Segment Open

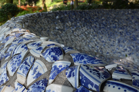 Fragments of china porcelain form this funnel into Yu Lei mountain, an artpiece along the historic tea trade trail. At first sight it can be read as a tribute to the ancient culture, that is still feeding our culture today. Patterns of blue and white porcelain in the sculpture tell us about yin and yang balance, values that are still able to inspire us beyond the challenges of modern life. At closer look you will find also pieces of porcelain coming from European countries. As happens in this sculpture, our cultures get closer and eventually we are influenced and inspired by one another. At the bottom of the funnel there is the drain, to let the rainwater out of the sculpture. The drain pipe also tells us to cherish our fundaments, and not let them be washed away.
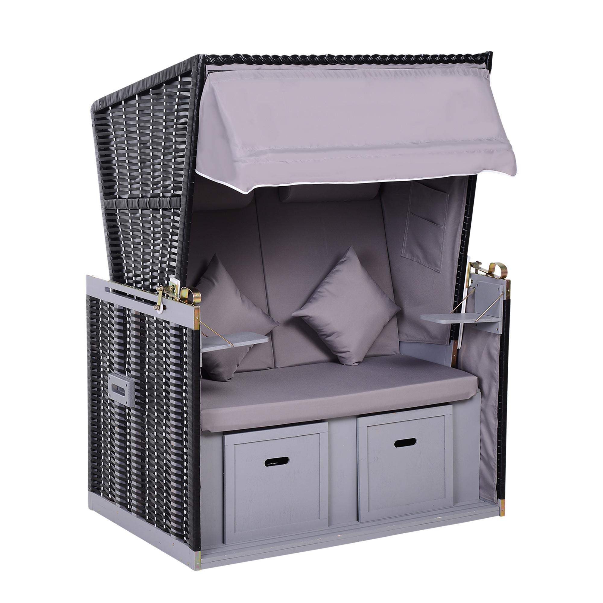 Schick und gemütlich zugleich: Der Strandkorb für zwei Personen ist ein echter Hingucker. Er macht sich ebenso gut auf der Terrasse wie im Garten und bietet Ihnen alles, was Sie von Strandkörben im Urlaub kennen: zwei praktische Klapptische, ausziehbare Fußstützen, ein Sonnendach zum Herunterklappen und die mehrstufig verstellbare Rückenlehne. Unser Plus: praktische Taschen an den Innenseiten, in denen Sie zum Beispiel Zeitschriften aufbewahren können. Damit holen Sie sich echtes Strand- und Urlaubs-Feeling ganz einfach nach Hause.
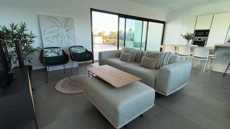 Das Ferienhaus verfügt über 3 Schlafzimmer und 2 Badezimmer. Die Ausstattung beinhaltet Bettwäsche und Handtücher sowie einen Flachbild-TV mit Satellitenkanälen. Des Weiteren gibt es einen Essbereich und eine voll ausgestattete Küche. Eine Terrasse mit Blick auf die Berge lädt zum Verweilen ein.
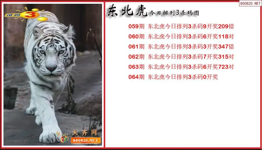 2026064期东北虎排列3通杀一码图(原创)
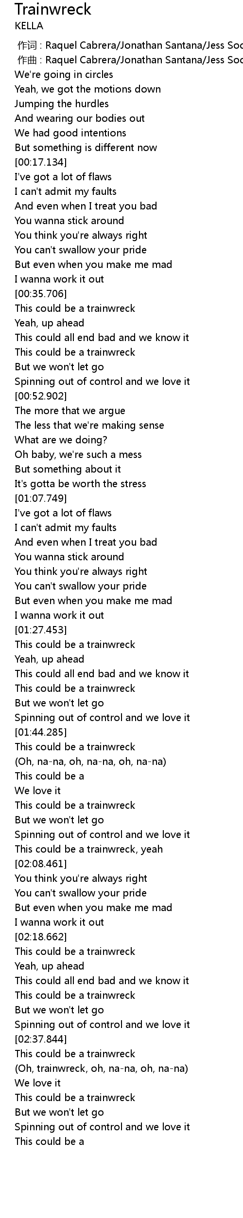| [02:40.546] | (Oh, trainwreck, oh, na-na, oh, na-na) |
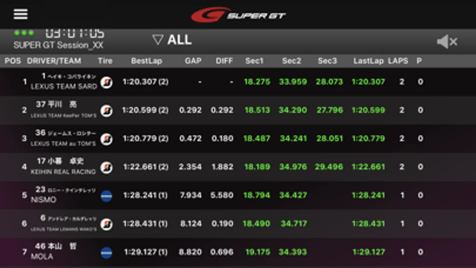 2023 SUPER GT of the official Live Timing App
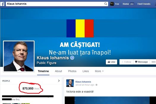 Cu peste 1.043.000 de fani pe Facebook, Klaus Iohannis este urmat, în topul politicienilor români, de Victor Ponta (718.584 de fani), Traian Băsescu (321.541) şi Elena Udrea (266.565).

Segment Closed

Instructions for the task >> Before writing out the material above, please remove its pictures; everything else stays exact.

Output below >>
 Fragments of china porcelain form this funnel into Yu Lei mountain, an artpiece along the historic tea trade trail. At first sight it can be read as a tribute to the ancient culture, that is still feeding our culture today. Patterns of blue and white porcelain in the sculpture tell us about yin and yang balance, values that are still able to inspire us beyond the challenges of modern life. At closer look you will find also pieces of porcelain coming from European countries. As happens in this sculpture, our cultures get closer and eventually we are influenced and inspired by one another. At the bottom of the funnel there is the drain, to let the rainwater out of the sculpture. The drain pipe also tells us to cherish our fundaments, and not let them be washed away.
 Schick und gemütlich zugleich: Der Strandkorb für zwei Personen ist ein echter Hingucker. Er macht sich ebenso gut auf der Terrasse wie im Garten und bietet Ihnen alles, was Sie von Strandkörben im Urlaub kennen: zwei praktische Klapptische, ausziehbare Fußstützen, ein Sonnendach zum Herunterklappen und die mehrstufig verstellbare Rückenlehne. Unser Plus: praktische Taschen an den Innenseiten, in denen Sie zum Beispiel Zeitschriften aufbewahren können. Damit holen Sie sich echtes Strand- und Urlaubs-Feeling ganz einfach nach Hause.
 Das Ferienhaus verfügt über 3 Schlafzimmer und 2 Badezimmer. Die Ausstattung beinhaltet Bettwäsche und Handtücher sowie einen Flachbild-TV mit Satellitenkanälen. Des Weiteren gibt es einen Essbereich und eine voll ausgestattete Küche. Eine Terrasse mit Blick auf die Berge lädt zum Verweilen ein.
 2026064期东北虎排列3通杀一码图(原创)
| [02:40.546] | (Oh, trainwreck, oh, na-na, oh, na-na) |
 2023 SUPER GT of the official Live Timing App
 Cu peste 1.043.000 de fani pe Facebook, Klaus Iohannis este urmat, în topul politicienilor români, de Victor Ponta (718.584 de fani), Traian Băsescu (321.541) şi Elena Udrea (266.565).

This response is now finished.